- WHAT NEEDS TO BE DONE
Exact transcription, pictures omitted: begin at the top line of the records below and end with the line bearing "天運![]() | 渡真利半二さんの天運は30画の2つ星!浮き沈みの激しさに注意しましょう。".

(Stored records)

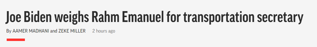 另外,据美聯社引述知情人士消息,前芝加哥市市長拉姆·伊曼紐爾(Rahm Emanuel)是拜登目前考慮的交通部長人選之一。但包括紐約州聯邦眾議員柯提茲(Alexandria Ocasio-Cortez)在內的民主党進步派領導人士,都對伊曼紐可能加入内阁的前景做出批評。
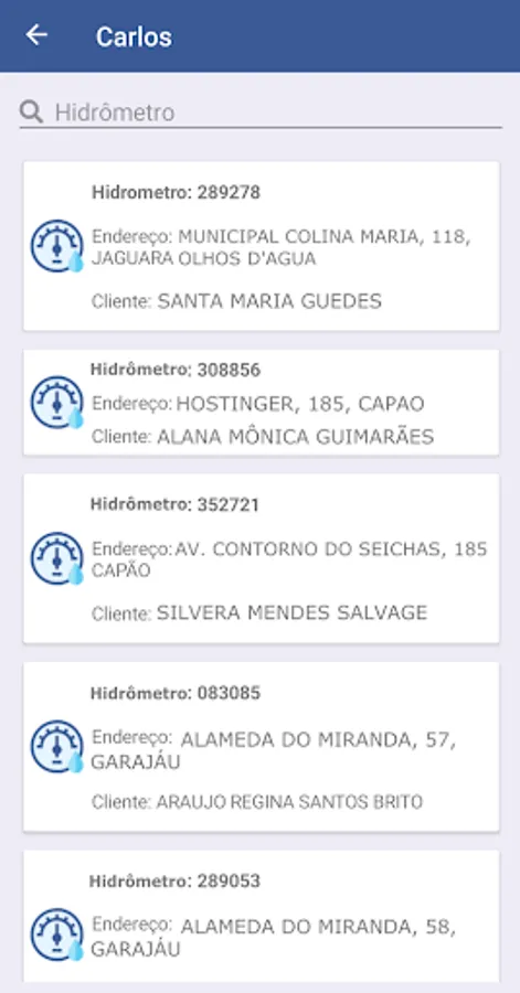 Records the reading flow of the hydrometers via Mobile; Indicates the history of consumption data; Generates and writes off Billets through Direct Integration with the User Bank; Add and remove Rates; It makes installments and reports.
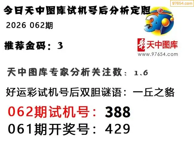 26年062期天中图库专家3D试机号后分析汇总
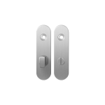 This short backplate of GPF building hardware is executed in satin stainless steel and has rounded corners. The one-sided spring loaded plate has centres of 63 mm for a bathroom lock, a square spindle of 8 mm and a big knob. The plate has a size of 169x46x8,5 mm.
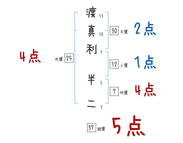 天運![]() | 渡真利半二さんの天運は30画の2つ星!浮き沈みの激しさに注意しましょう。 家系が持つ宿命的な運勢を表します。祖先から受け継いだ苗字ですので自分の力が及びません。家柄を象徴します。 |
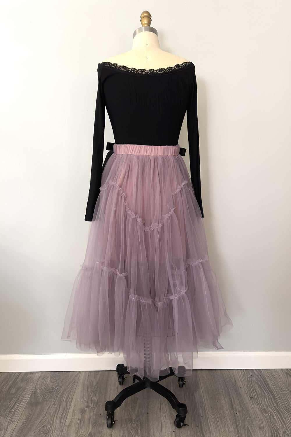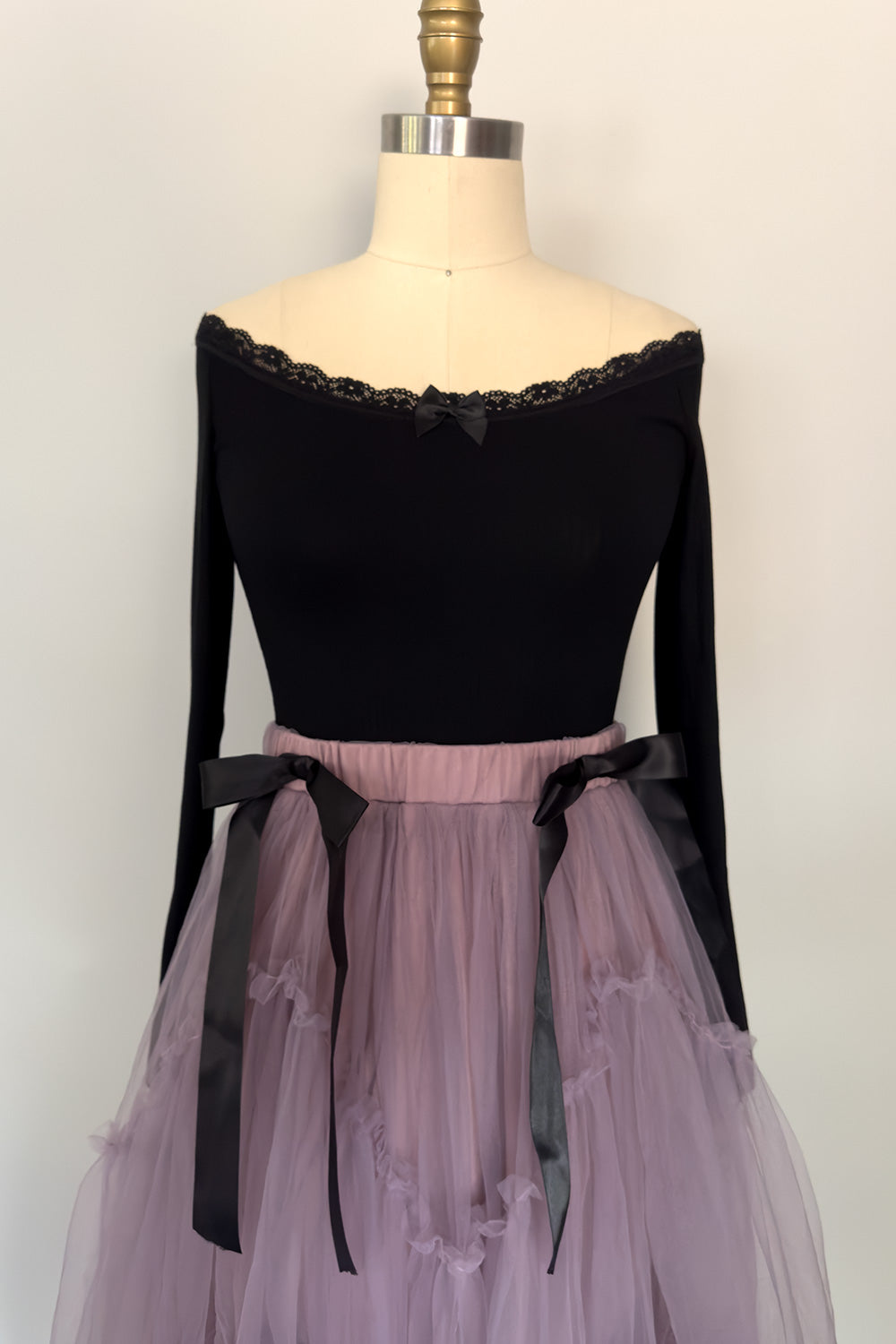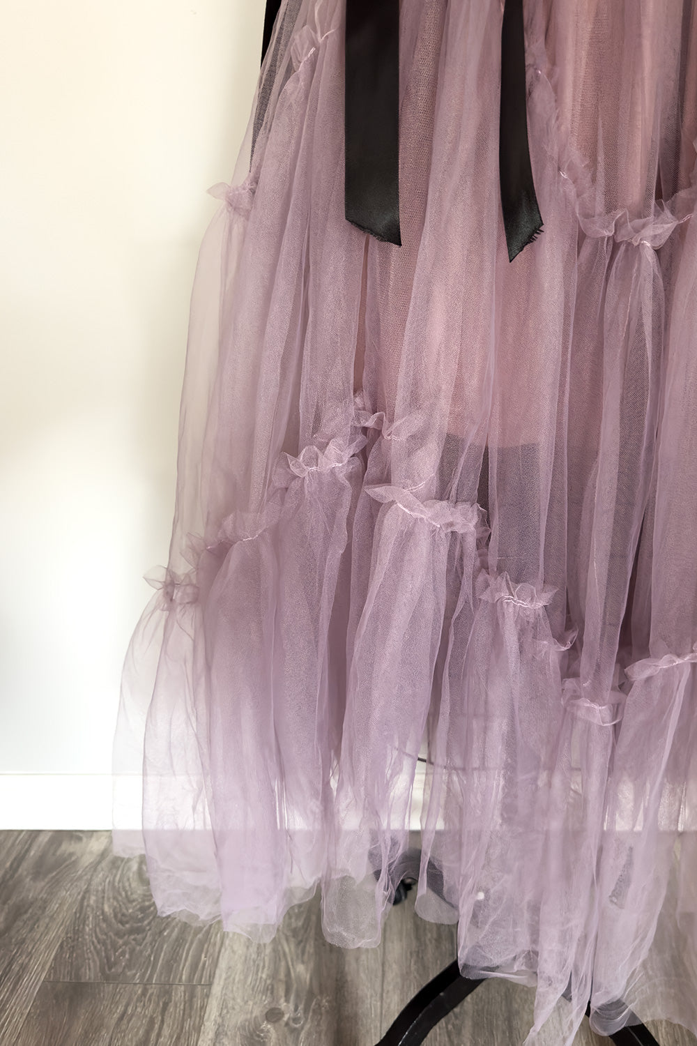 Fairy Goth-mother Layered Tulle Skirt with Bows in Lavender

- SOLUTION FOR THIS TASK
 另外,据美聯社引述知情人士消息,前芝加哥市市長拉姆·伊曼紐爾(Rahm Emanuel)是拜登目前考慮的交通部長人選之一。但包括紐約州聯邦眾議員柯提茲(Alexandria Ocasio-Cortez)在內的民主党進步派領導人士,都對伊曼紐可能加入内阁的前景做出批評。
 Records the reading flow of the hydrometers via Mobile; Indicates the history of consumption data; Generates and writes off Billets through Direct Integration with the User Bank; Add and remove Rates; It makes installments and reports.
 26年062期天中图库专家3D试机号后分析汇总
 This short backplate of GPF building hardware is executed in satin stainless steel and has rounded corners. The one-sided spring loaded plate has centres of 63 mm for a bathroom lock, a square spindle of 8 mm and a big knob. The plate has a size of 169x46x8,5 mm.
 天運![]() | 渡真利半二さんの天運は30画の2つ星!浮き沈みの激しさに注意しましょう。 家系が持つ宿命的な運勢を表します。祖先から受け継いだ苗字ですので自分の力が及びません。家柄を象徴します。 |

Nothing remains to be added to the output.